Ia berhenti sebentar.

“Yang salah adalah ketika seseorang mulai menghitung kasih sayang seperti pembagian warisan, lalu merasa kebahagiaan orang lain pasti mengurangi bagian dirinya.”

Aku menunduk.

Ibu melanjutkan.

“Rumah bisa dibeli lagi.”

“Mobil bisa dijual.”

“Perusahaan bahkan bisa bangkrut.”

“Tapi kalau malam itu kami mengajarimu bahwa hakmu boleh diambil hanya karena seseorang membawa ancaman, pelajaran itu akan tinggal di kepalamu seumur hidup.”

Dadaku mendadak sesak.

Bukan karena sedih.

Karena akhirnya aku memahami sesuatu yang jauh lebih besar daripada sebuah apartemen.

Malam ketika Keisya meletakkan hasil tes kehamilan di meja, aku kira kami sedang memperebutkan uang.

Ternyata bukan.

Kami sedang menentukan batas.

Apakah seorang anak perempuan harus mundur hanya supaya orang lain merasa lebih penting.

Apakah hubungan keluarga berarti seseorang boleh menekan kita dengan rasa bersalah.

Apakah seorang cucu boleh dijadikan alat tukar.

Dan apakah kasih sayang harus dibuktikan dengan mengorbankan satu anggota keluarga demi menyenangkan anggota lainnya.

Jawaban Ibu malam itu sebenarnya sudah sangat jelas.

Tidak.

Apartemen itu akhirnya tetap menjadi milikku.

Raka harus mengembalikan uang yang ia salahgunakan dan kehilangan jabatan yang dulu ia anggap pasti menjadi miliknya.

Keisya kehilangan pernikahan yang ia coba pertahankan dengan ancaman.
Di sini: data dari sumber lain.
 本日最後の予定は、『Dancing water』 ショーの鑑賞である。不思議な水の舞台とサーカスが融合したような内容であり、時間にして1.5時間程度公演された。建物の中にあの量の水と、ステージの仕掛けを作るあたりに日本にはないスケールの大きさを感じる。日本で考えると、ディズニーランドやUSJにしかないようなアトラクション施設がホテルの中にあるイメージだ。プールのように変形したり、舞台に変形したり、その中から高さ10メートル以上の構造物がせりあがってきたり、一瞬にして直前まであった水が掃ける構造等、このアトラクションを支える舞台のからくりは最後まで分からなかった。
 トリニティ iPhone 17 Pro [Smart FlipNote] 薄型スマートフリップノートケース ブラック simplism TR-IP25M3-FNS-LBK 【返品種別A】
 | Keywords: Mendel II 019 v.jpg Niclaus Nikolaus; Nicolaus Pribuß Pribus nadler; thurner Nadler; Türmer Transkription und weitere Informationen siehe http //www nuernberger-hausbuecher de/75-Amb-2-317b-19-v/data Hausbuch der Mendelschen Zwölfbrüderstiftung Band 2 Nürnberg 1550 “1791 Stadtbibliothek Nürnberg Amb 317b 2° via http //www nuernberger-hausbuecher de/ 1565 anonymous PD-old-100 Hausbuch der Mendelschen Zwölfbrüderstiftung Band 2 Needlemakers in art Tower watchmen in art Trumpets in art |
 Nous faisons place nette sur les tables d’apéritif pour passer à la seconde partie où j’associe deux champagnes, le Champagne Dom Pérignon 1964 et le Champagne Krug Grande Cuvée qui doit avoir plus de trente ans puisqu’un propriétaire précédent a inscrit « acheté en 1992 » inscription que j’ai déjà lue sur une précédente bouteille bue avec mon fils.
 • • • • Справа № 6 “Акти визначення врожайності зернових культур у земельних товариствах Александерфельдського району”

Bu Mirna harus mengembalikan aset yang dibeli dari uang perusahaan.

Perusahaan selamat.

Kirana lahir sehat dan tumbuh tanpa pernah dibebani gelar “pewaris” yang dulu ditempelkan kepadanya bahkan sebelum ia lahir.

Dan aku?

Aku masuk kamar malam itu, membuka laptop, lalu melihat jadwal kuliah semester berikutnya.

Masih ada ujian.

Masih ada praktikum.

Masih ada jalan panjang sebelum aku menjadi dokter.
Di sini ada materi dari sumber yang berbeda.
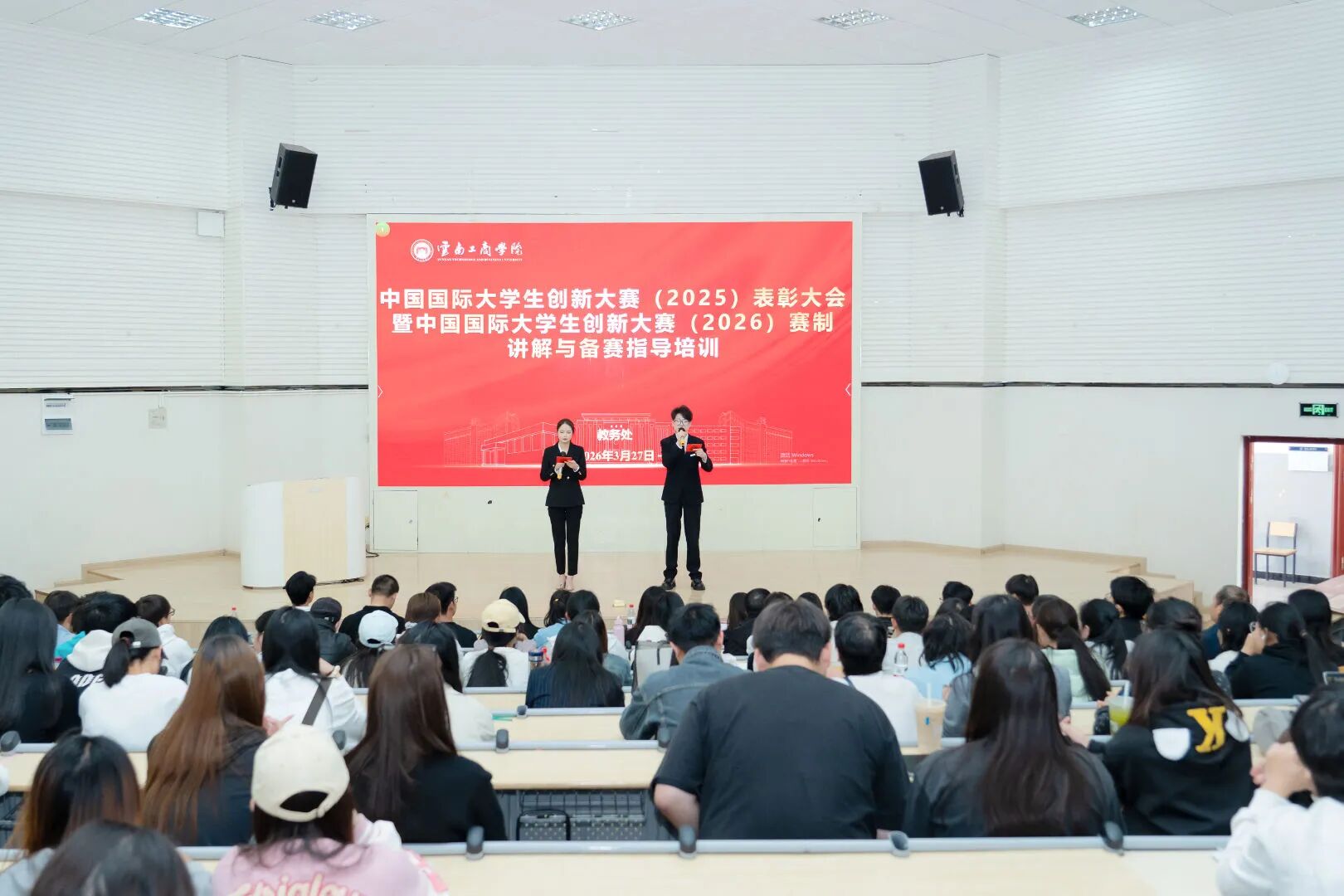 近日,云南工商学院隆重举行中国国际大学生创新大赛(2025)表彰大会暨中国国际大学生创新大赛(2026)赛制讲解与备赛指导培训。校长助理张健、教务处处长周丽萍出席大会,中国国际大学生创新大赛国赛评委铁婧受邀作专题指导,2025年度国家级获奖团队、各学院师生代表及参赛团队齐聚一堂,共同见证荣耀时刻,启航新征程。
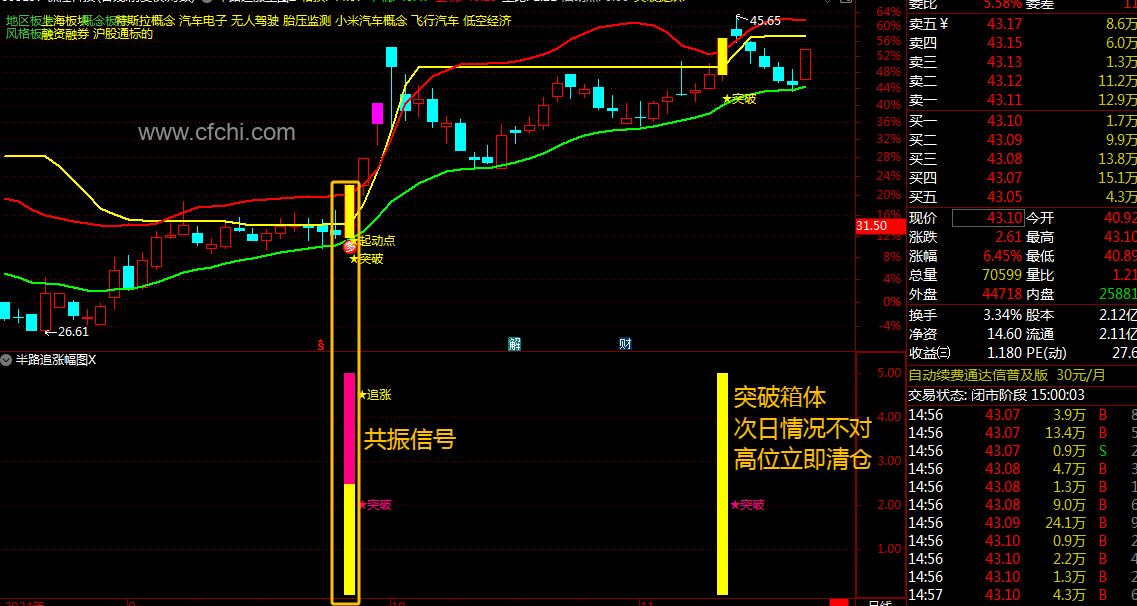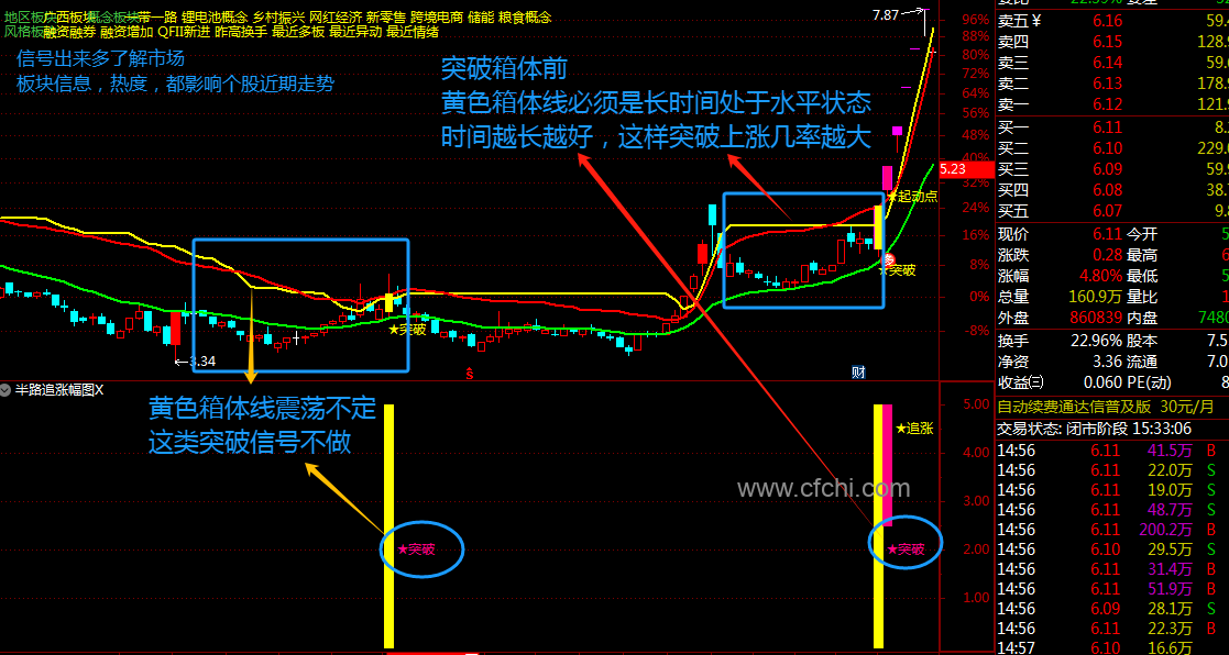 半路追涨箱体突破指标介绍:

Tetapi kali ini, ketika melihat namaku sendiri di layar, aku tidak lagi memikirkan berapa harga apartemenku.

Aku hanya teringat satu kalimat Ibu.

Hak seseorang tidak menjadi lebih kecil hanya karena orang lain datang membawa ancaman yang lebih besar.

Aku tersenyum.

Di ruang sebelah, Kirana tertawa keras karena Ayah kembali diam-diam memberinya es krim.

Ibu langsung berteriak memarahi Ayah.

Raka tertawa.

Rumah itu kembali berisik.

Tapi bukan lagi karena perebutan uang.

Dan untuk pertama kalinya setelah sekian lama, aku merasa keluarga kami benar-benar sedang belajar menjadi keluarga lagi.